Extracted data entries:
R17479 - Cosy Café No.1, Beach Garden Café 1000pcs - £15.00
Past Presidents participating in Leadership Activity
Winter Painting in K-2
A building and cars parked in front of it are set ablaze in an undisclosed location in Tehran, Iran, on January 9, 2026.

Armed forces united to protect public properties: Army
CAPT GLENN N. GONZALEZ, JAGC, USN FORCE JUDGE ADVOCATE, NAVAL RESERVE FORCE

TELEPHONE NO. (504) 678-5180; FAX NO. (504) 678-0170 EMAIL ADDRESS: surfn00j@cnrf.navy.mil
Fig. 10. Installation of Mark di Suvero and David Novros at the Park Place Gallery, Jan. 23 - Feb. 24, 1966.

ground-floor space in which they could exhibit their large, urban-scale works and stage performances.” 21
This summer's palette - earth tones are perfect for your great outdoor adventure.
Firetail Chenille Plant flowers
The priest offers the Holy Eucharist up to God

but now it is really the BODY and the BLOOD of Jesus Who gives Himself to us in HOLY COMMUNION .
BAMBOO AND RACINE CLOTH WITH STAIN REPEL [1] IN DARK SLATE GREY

---

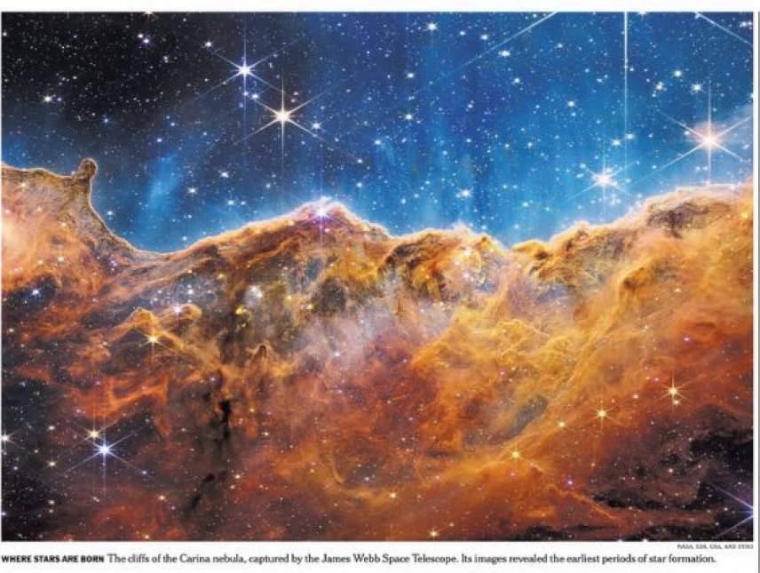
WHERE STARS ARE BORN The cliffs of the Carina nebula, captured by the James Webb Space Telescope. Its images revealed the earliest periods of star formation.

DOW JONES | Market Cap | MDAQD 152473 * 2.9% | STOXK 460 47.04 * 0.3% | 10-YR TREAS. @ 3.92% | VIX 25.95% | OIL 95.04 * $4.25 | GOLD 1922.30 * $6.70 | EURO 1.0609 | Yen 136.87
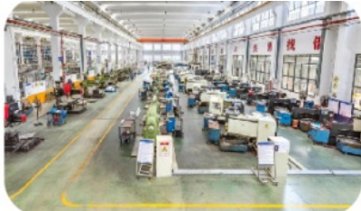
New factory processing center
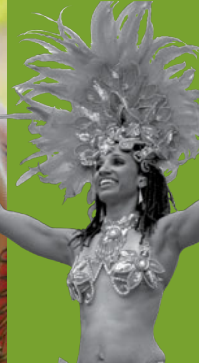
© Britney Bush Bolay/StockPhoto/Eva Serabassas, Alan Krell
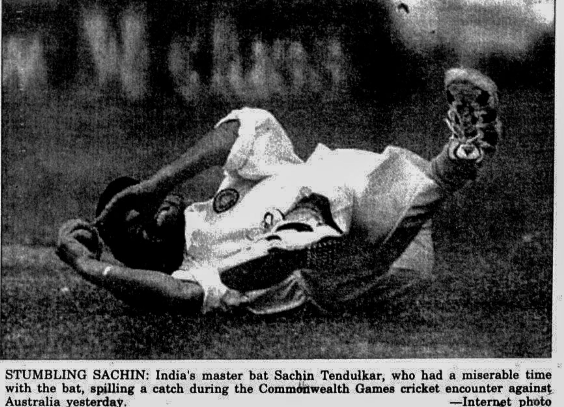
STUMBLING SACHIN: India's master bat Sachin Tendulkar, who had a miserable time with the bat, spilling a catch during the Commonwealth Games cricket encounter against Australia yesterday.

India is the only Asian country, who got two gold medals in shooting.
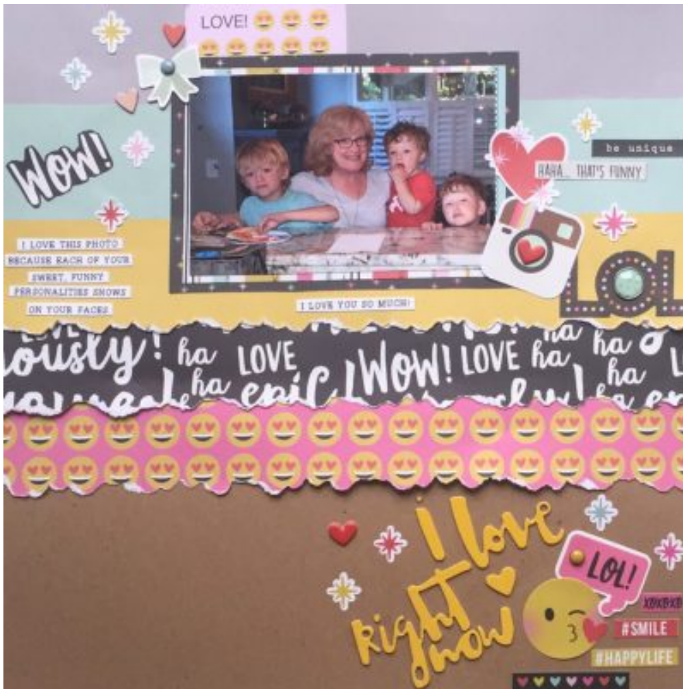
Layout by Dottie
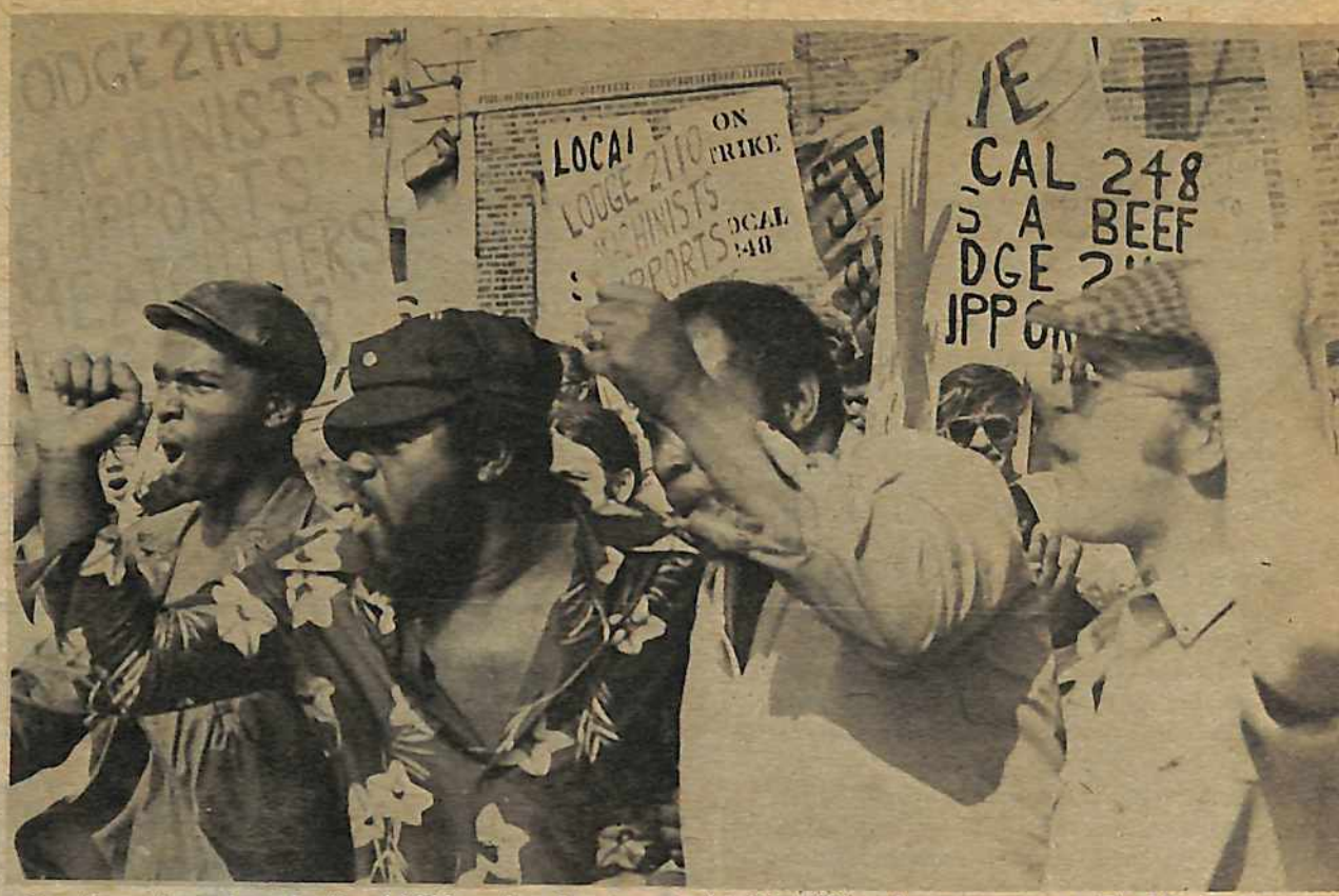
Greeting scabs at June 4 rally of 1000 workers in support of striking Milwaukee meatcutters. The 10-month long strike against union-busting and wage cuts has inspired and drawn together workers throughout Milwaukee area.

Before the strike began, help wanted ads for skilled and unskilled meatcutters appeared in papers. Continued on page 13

▸ Assigned task
Scan the data for lines containing "India" and copy all of them.

▸ Exercise response
STUMBLING SACHIN: India's master bat Sachin Tendulkar, who had a miserable time with the bat, spilling a catch during the Commonwealth Games cricket encounter against Australia yesterday.
India is the only Asian country, who got two gold medals in shooting.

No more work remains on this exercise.